Оружие высокомерного презрения и насмешки со стороны жрецов Искусства до недавнего времени действовали достаточно эффективно – массовая культура, несмотря на свою массовость, в иерархии ценностей котировалась не слишком высоко. Ситуация начала заметно меняться в последние десятилетия[104] и ее вполне можно назвать революционной ситуацией. Похоже, что призыв Иозефа Бойса «взять штурмом Бастилию искусства» услышан и принят как руководство к действию. Как всегда, разумеется, не обошлось без превратности: тяжелая артиллерия авангарда, на которую рассчитывал решительный немец, оказалась не у дел (неудивительно, ведь в действительности она всегда лишь защищала Бастилию), зато диджеи виртуальных пространств взялись за дело всерьез.

Успешный штурм первых редутов можно назвать «падением интерпретации». Всмотримся еще раз в изменения курса универсальной валюты. Конечно, лукавство на этот счет присутствовало всегда: постоянные утверждения насчет того, что музыку нужно слушать, а не рассусоливать о ней, в живопись – вникать, а не сверять впечатления с буклетом и так далее. Общим местом расхожих критических обзоров зачастую была фраза «Об этом не расскажешь словами» – после чего, как правило, следует многословный пересказ, без которого и вправду можно было обойтись.
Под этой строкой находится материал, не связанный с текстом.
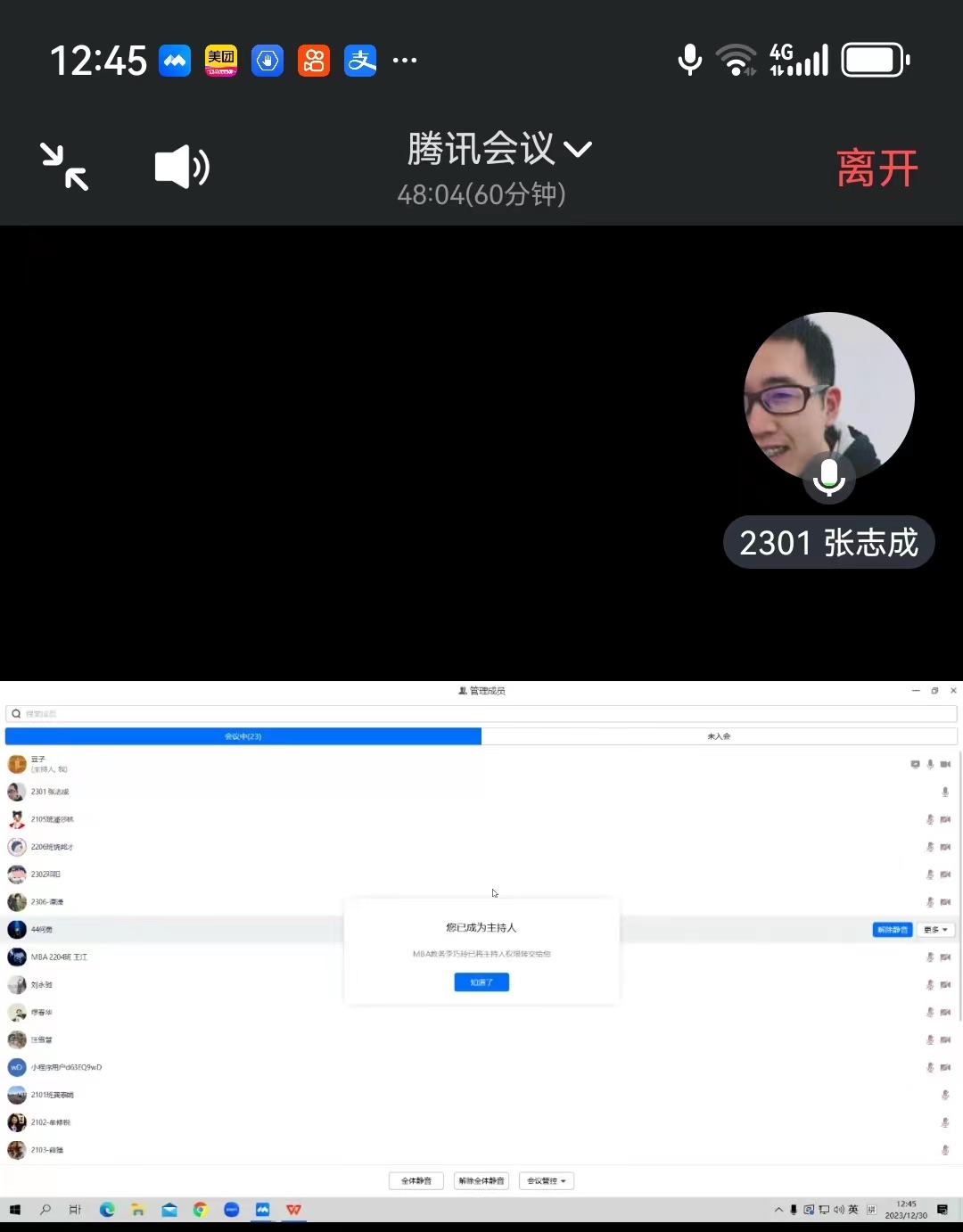 2023年12月30日,leyuMBA教育中心在慎思楼203教室举行了2022-2023第二学期班长例会。会议由MBA教育中心副主任何跃勇老师主持,MBA中心办公室主任芮丽华老师,中心李巧玲老师、凌聪老师、江滔老师、缪春华老师以及2021级、2022级、2023级各班班委等共计30人参加了此次会议。会议采取腾讯会议的方式进行。

Тем не менее и поэты, и художники, и композиторы, и режиссеры ждали и ждут интерпретации. Они ждут слова — с жадностью, с нетерпением, порой ждут его даже больше, чем денег. И владеющий словом, настоящий специалист по словам, котируется очень высоко, он и выносит вердикт о причислении того или иного художника или поэта к лику Художников или Поэтов. Со свойственной ему проницательностью Борис Гройс формулирует скрытую интенцию этой уходящей эпохи: «Было бы неверно утверждать, например, что Бодлер переоценивал Гиса, а Гринберг – Олитски, ведь критическая прибавочная стоимость, которую они при этом произвели, обладает собственной ценностью и способностью стимулировать других художников. Предрассудок считать, что критический текст должен правильно понимать, описывать или оценивать произведение искусства. Во многих случаях критические тексты гораздо интереснее художественных произведений, выступающих как повод для их написания. Часто критик видит в работе больше, чем в ней содержится. В этих случаях приближаться к произведению искусства означает для критика всего лишь писать интереснее, чем само это произведение. Постоянно утверждается необходимость заново интерпретировать старые известные произведения, поскольку их прежние интерпретации якобы стали неверны. Но было бы намного интереснее заново проиллюстрировать старые комментирующие, художественно – критические тексты»[105].

Перед нами некая полнота самоотчета, относящаяся, как это нередко бывает, к уходящей эпохе. В сущности, явочным порядком концептуализм «учел» пожелание Гройса, включив уровень интерпретации в художественную ткань или, попросту говоря, в текст произведения. На авансцене искусства кураторы и авторы проектов играют первые роли, опережая «собственно художников» уже не только в деньгах, что всегда было правилом, но и в известности. Однако в глубоких слоях «бытования искусства» ситуация решительно меняется: участники текущего общения перестают прибегать к использованию стационарных произведений искусства для украшения избранного фрагмента коммуникации. Умное, проникновенное слово или хотя бы слово, пытающееся быть таковым, мягко говоря, не царит там, где происходит итоговое потребление продукции символического. Среди массовых держателей акций, инвестирующих какие-то ресурсы своего времени в распредмечивание произведений искусства, слово интерпретации больше не является высоколиквидной голубой фишкой. Возьмем навскидку два феномена, которые на первый взгляд достаточно далеки от миропотрясающих практик и от экзистенциальных мутаций. Но интуитивно усматривается их фундаментальная значимость.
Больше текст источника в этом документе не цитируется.